In Josephine County, Diane Hoover, the public health director, is close to ironing out a unique partnership with the local coordinated care organization, AllCare, for it to provide one nurse practitioner and a handful of nurses at the public health department in Grants Pass, for preventative services like family planning, immunizations, and testing and treatment for sexually transmitted diseases.

Hoover is currently getting by with a staff of one nursing supervisor, one home visiting nurse, and one contract nurse performing immunizations to serve a county of 85,000 people.

“Now, we are really struggling with providing care the way we want to provide it,” she said. Her department can only afford to stay open four days a week.

The partnership “is going to open up our capacity for the underserved in Josephine County in a huge way,” Hoover said. “Previously, I had a nurse practitioner one day a week; now we’ll serve them four days a week. All those new people with OHP having trouble accessing services will have a new place to go.”

The new staff will not act any differently under the partnership. Patients will check in at the front counter with a county employee, like they always do, before seeing a provider, who will be paid by AllCare but work under the directives of the Josephine County medical director.

“My contract with OHA keeps me in charge of quality. I can’t delegate quality,” Hoover said.

As for Douglas County, officially it is scheduled to relinquish its public health authority and stop operating most public health programs on July 1, according to the Oregon Health Authority's public health division, which has developed a plan to protect the health of county residents. On its web site the agency states, “This issue is unprecedented, so the public health department (PHD) will be completely transparent as we navigate how public health services will be provided in Douglas County.”

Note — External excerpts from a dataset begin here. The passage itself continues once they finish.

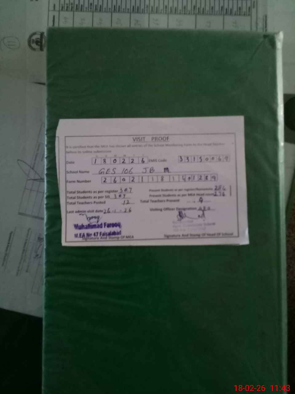 | Attendance Register | Head Teacher | MEA with School | Visit Proof |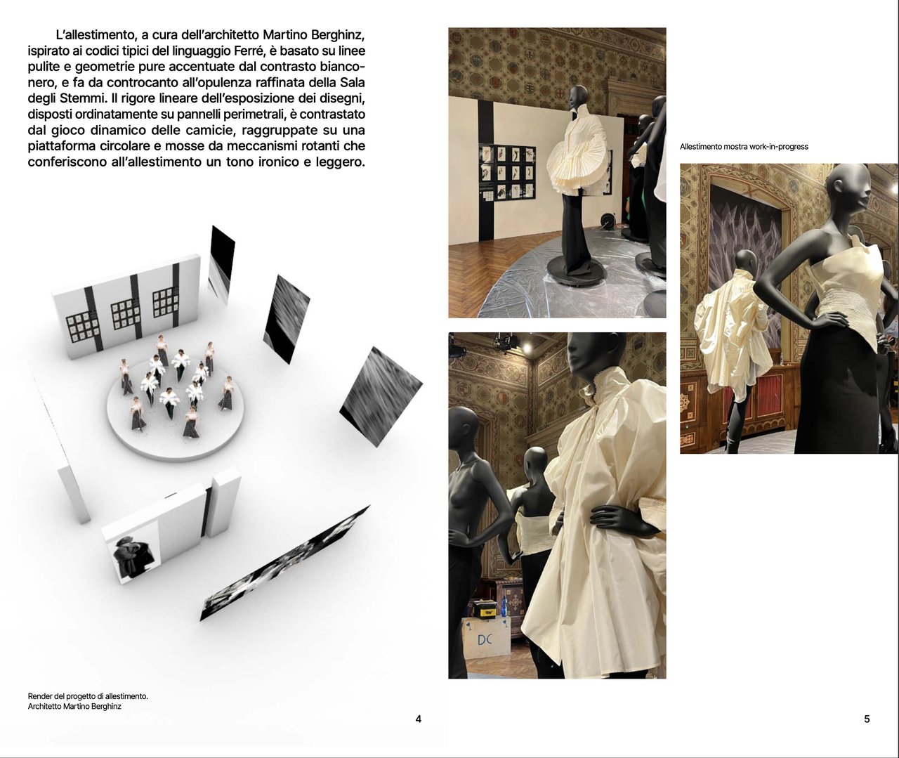 L’esposizione illustra la visione di Gianfranco Ferré attraverso una selezione di disegni e abiti. I disegni, organizzati in sezioni tematiche, evidenziano alcuni principi fondamentali del design che hanno guidato il suo processo creativo, introducendo la sua personale “metodologia”. Accanto ai disegni è presentata una selezione del suo capo iconico, la camicia bianca, che propone un percorso esperienziale nella ricerca stilistica di Ferré, dove quei principi si concretizzano in infinite variazioni del modello.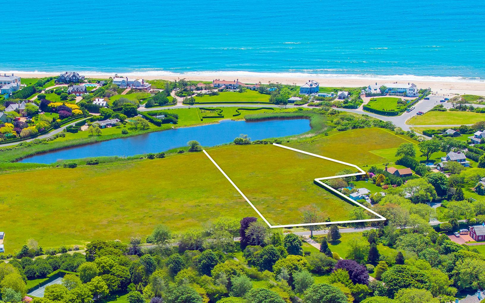 First time offered in 75 years this 3.7 acre vacant lot boasts frontage on "Lily Pond" along with potential stunning second floor ocean views. Take full advantage of ocean breeze, light, and soft sound of waves hitting sand. Very close proximity to Georgica Beach. Build up to 10,235sqft.
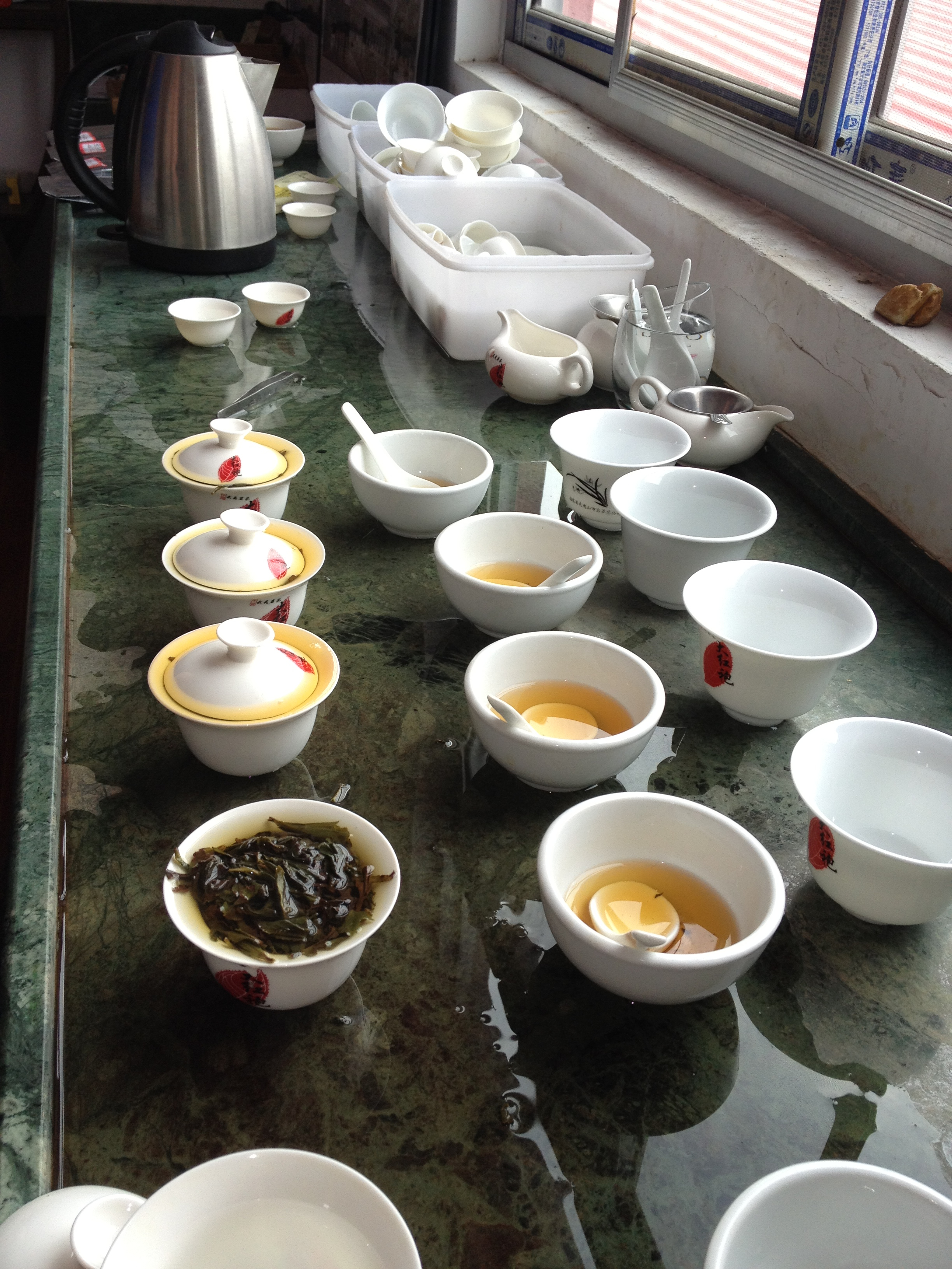 We ruiken aan het deksel van de Gaiwan (chinees theepotje) en nemen het warme aroma op van chocola. Met een lepel scheppen we de verschillende gradaties thee over uit de kommetjes in ons eigen kopje en slurpen met veel kabaal de thee naar binnen. De één is zoet en zacht, de ander wrang en astringent en weer een ander ruikt naar vanille.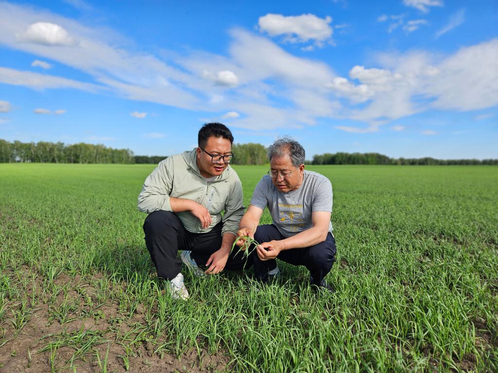 2024年6月19日,西北农林科技大学教授张正茂(右)与学生在哈萨克斯坦北哈州的农业示范园调查小麦生长情况。新华社发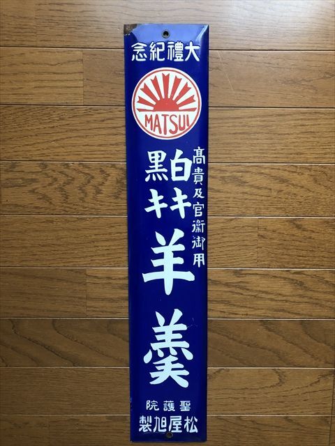 即決【昭和レトロ百貨店】戦前 大禮紀念 羊羹 片面 ホーロー看板 当時物 ビンテージ 広告 アンティーク 琺瑯 街並み 商店街 和菓子屋さん ようかん 聖護院松屋旭製| 出价者 | 信用 | 价格 | 时间 |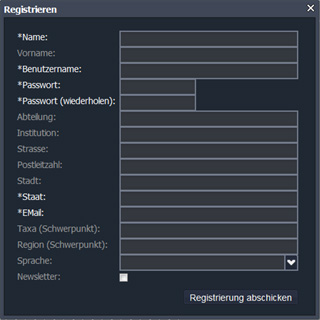Fenster, in dem die mit Sternchen markierten Felder ausgefüllt werden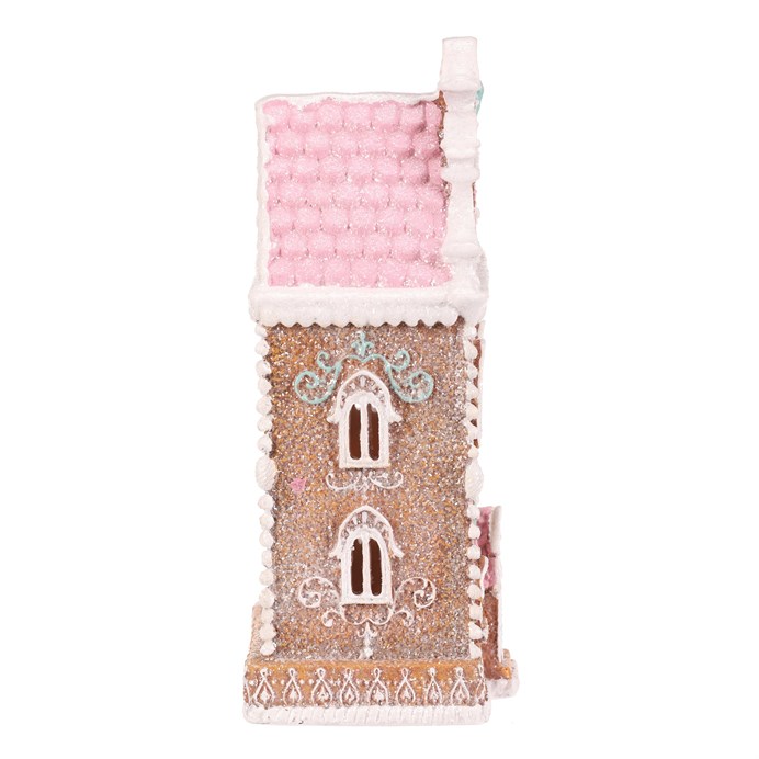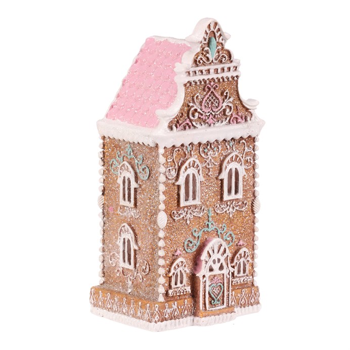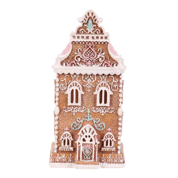 Dotaz na produktPolyresinová stolní dekorace, v podobě zdobeného patrového domku v perníkovém designu, bude nádhernou dekorací pro kouzelné vánoční období. Vypadá jako by byl skutečně vytvořen z perníku a ozdoben sladkou barevnou polevou. To ale ještě není vše! Díky zabudovanému LED osvětlení uvnitř, si můžete po jeho rozsvícení vychutnávat pohled na nádherně rozptýlené paprsky, které vycházejí skrze všechna okénka ven.

For now, Kruse said, the county is still in charge. “They’re looking at whether it’s a straight transfer to the CCO, or if they should hand it back to the state,” he said, adding that two years ago the county asked the Oregon Health Authority for guidance, but never received a reply.

“We asked, ‘If we can’t afford to do this anymore, how’s it going to work?’ And what we’ve received from the state is nothing. We don’t want to just walk away, we want to have a game plan for a transition. What’s the best way to go about it? And the response has been, ‘We’ll get back to you.’ I’m very dissatisfied with the performance of the Health Authority.”

If coordinated care organizations do begin to fulfill public health services, they will likely need to expand their panels of providers, Kruse said. “Most panel of providers don’t necessarily include all disciplines. Those are the sort of things we should be looking at.”

And, Greenlick points out, there are certain duties that no coordinated care organization can cover for local governments.

“If Curry County gives up public health, there won’t be restaurant inspections, there won’t be clean water,” Greenlick said. “There will probably be epidemic tracking because that’s something the state could do relatively easily. Right now, the only way is to find a more efficient way to deliver these services.”

Cooperation among counties is one possibility, But even that isn’t always easy. Wasco County is considering pulling out of the North Central Public Health district that it formed with Sherman and Gilliam counties. At a public meeting last November, county commissioner Steve Kramer cited rising costs as the reason for the switch. Wasco County has yet to request assistance from the state’s public health division, a spokesman for the Oregon Health Authority said.